Task description ::
All of the entries below should be printed exactly; the pictures are to be left out.

--- Material for the task Enclosed Below ---

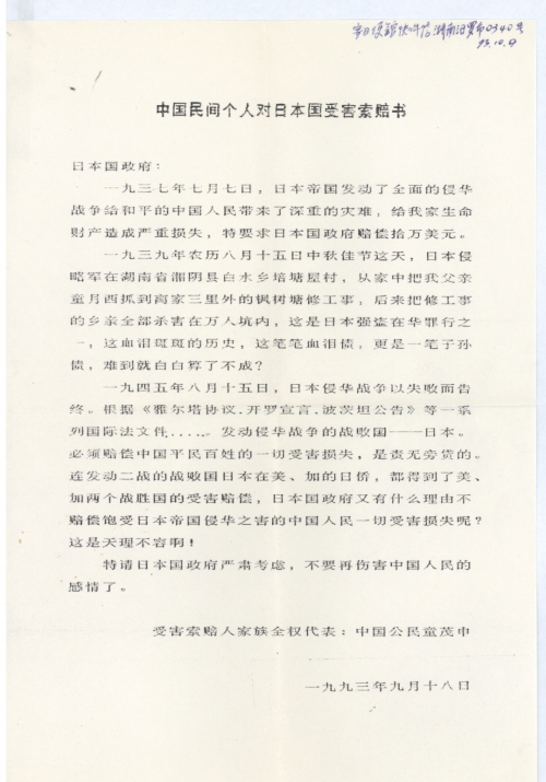 一九三七年七月七日,日本帝国发动了全面的侵华战争给和平的中国人民带来了深重的灾难,给我家生命财产造成严重损失,特要求日本国政府赔偿拾万美元。
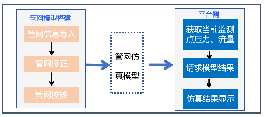 通过水力模型方法,根据少量监测点的测量值,实时仿真全网各处的压力流量数值,通过实测值与仿真值对比,辅助管网异常判断。
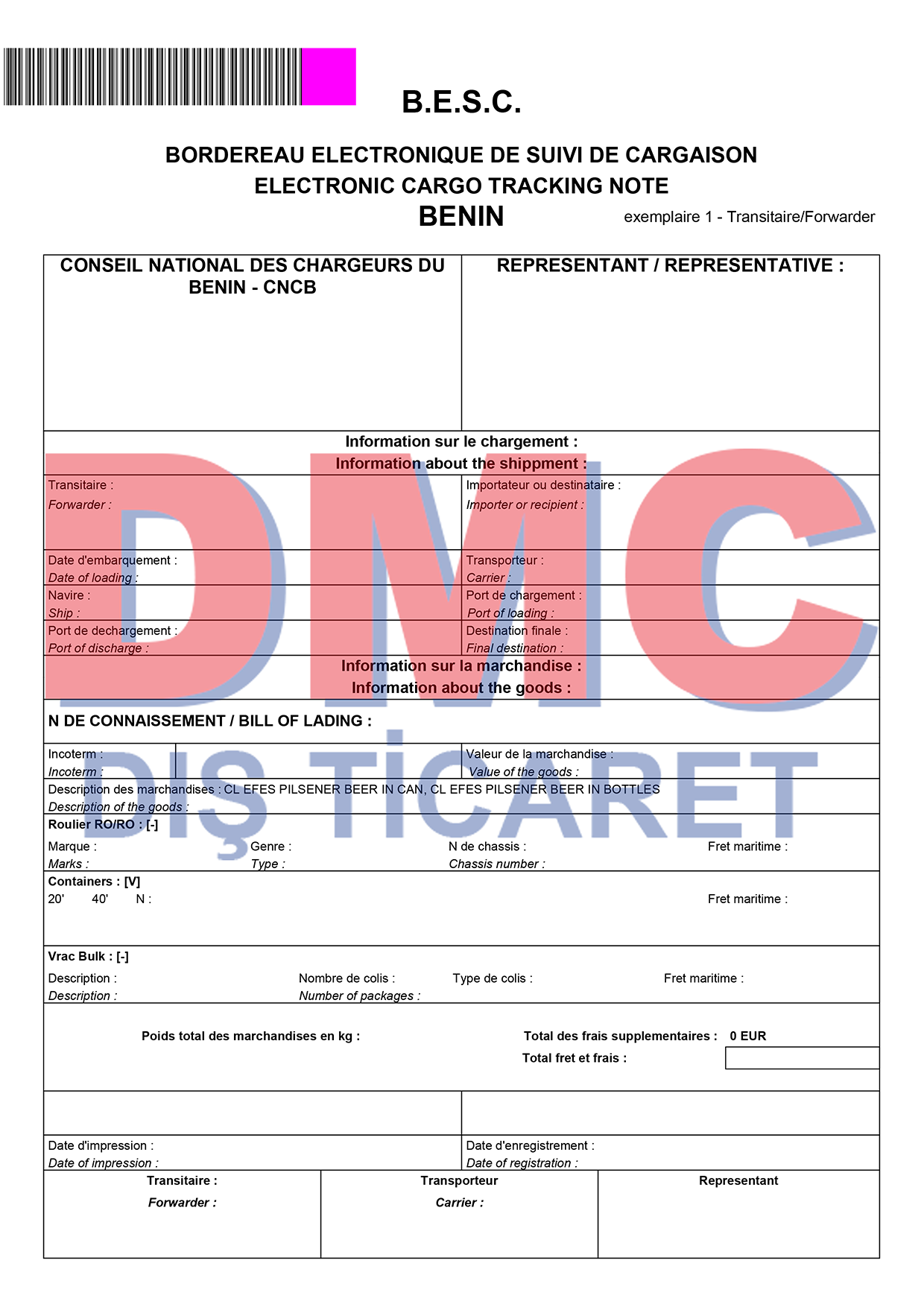 Benin Cotonou BESC belgesi 4 Ocak 2010 itibarı ile bu ülkeye yapılan tüm ihracatlarda alınması zorunlu bir evrak olarak belirlenmiştir.
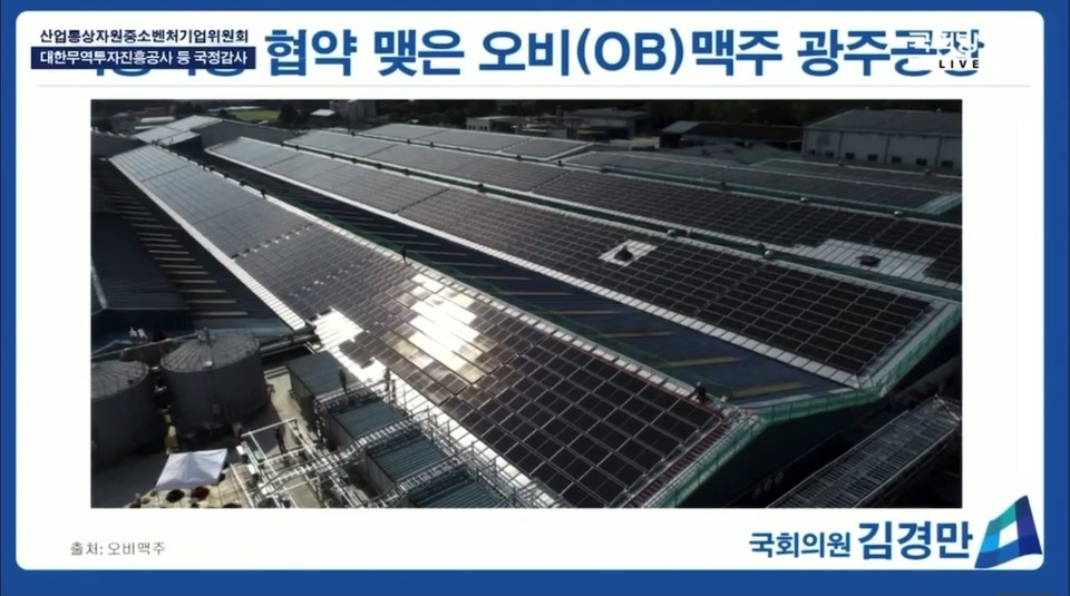 김경만 더불어민주당 의원은 지난 13일 열린 산자위 국정감사에서 오비맥주 광주공장이 공장지붕에 태양광 발전시설을 구축하고 자가 발전한 재생에너지를 직접 사용하는 사례를 민간 주도 탄소감축 활동의 모범사례로 소개했다.
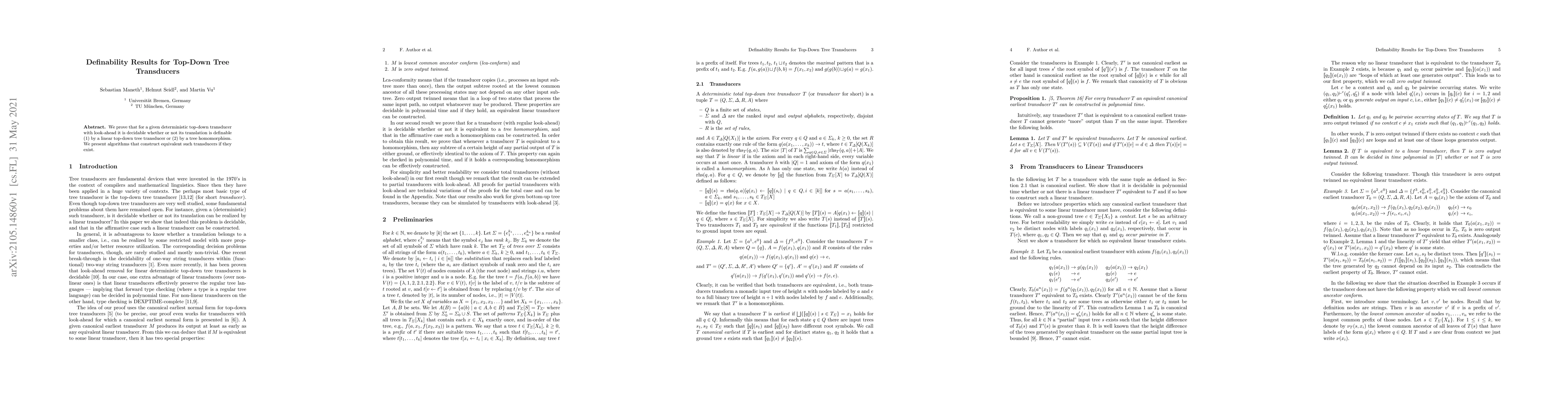 The paper establishes decidability for determining if the translation of a deterministic top-down transducer with look-ahead can be defined by a linear top-down tree transducer or a tree homomorphism, and provides algorithms to construct equivalent models if applicable.
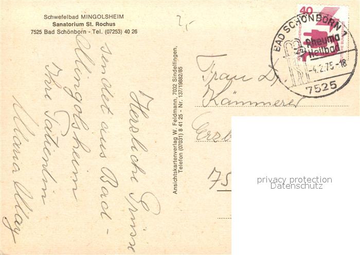 73208628 alte Postkarte Mingolsheim Sanatorium St. Rochus postalisch gelaufen Erhaltung siehe scans [NatalD47] KatCode: 11110008215100
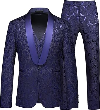 MOGU Men's 3-Piece Slim Fit Suit - White, Black, Gray, Pink Tuxedos for Prom and Wedding

--- End of Enclosed Material for the task ---

Solution for this exercise ::
 一九三七年七月七日,日本帝国发动了全面的侵华战争给和平的中国人民带来了深重的灾难,给我家生命财产造成严重损失,特要求日本国政府赔偿拾万美元。
 通过水力模型方法,根据少量监测点的测量值,实时仿真全网各处的压力流量数值,通过实测值与仿真值对比,辅助管网异常判断。
 Benin Cotonou BESC belgesi 4 Ocak 2010 itibarı ile bu ülkeye yapılan tüm ihracatlarda alınması zorunlu bir evrak olarak belirlenmiştir.
 김경만 더불어민주당 의원은 지난 13일 열린 산자위 국정감사에서 오비맥주 광주공장이 공장지붕에 태양광 발전시설을 구축하고 자가 발전한 재생에너지를 직접 사용하는 사례를 민간 주도 탄소감축 활동의 모범사례로 소개했다.
 The paper establishes decidability for determining if the translation of a deterministic top-down transducer with look-ahead can be defined by a linear top-down tree transducer or a tree homomorphism, and provides algorithms to construct equivalent models if applicable.
 73208628 alte Postkarte Mingolsheim Sanatorium St. Rochus postalisch gelaufen Erhaltung siehe scans [NatalD47] KatCode: 11110008215100
 MOGU Men's 3-Piece Slim Fit Suit - White, Black, Gray, Pink Tuxedos for Prom and Wedding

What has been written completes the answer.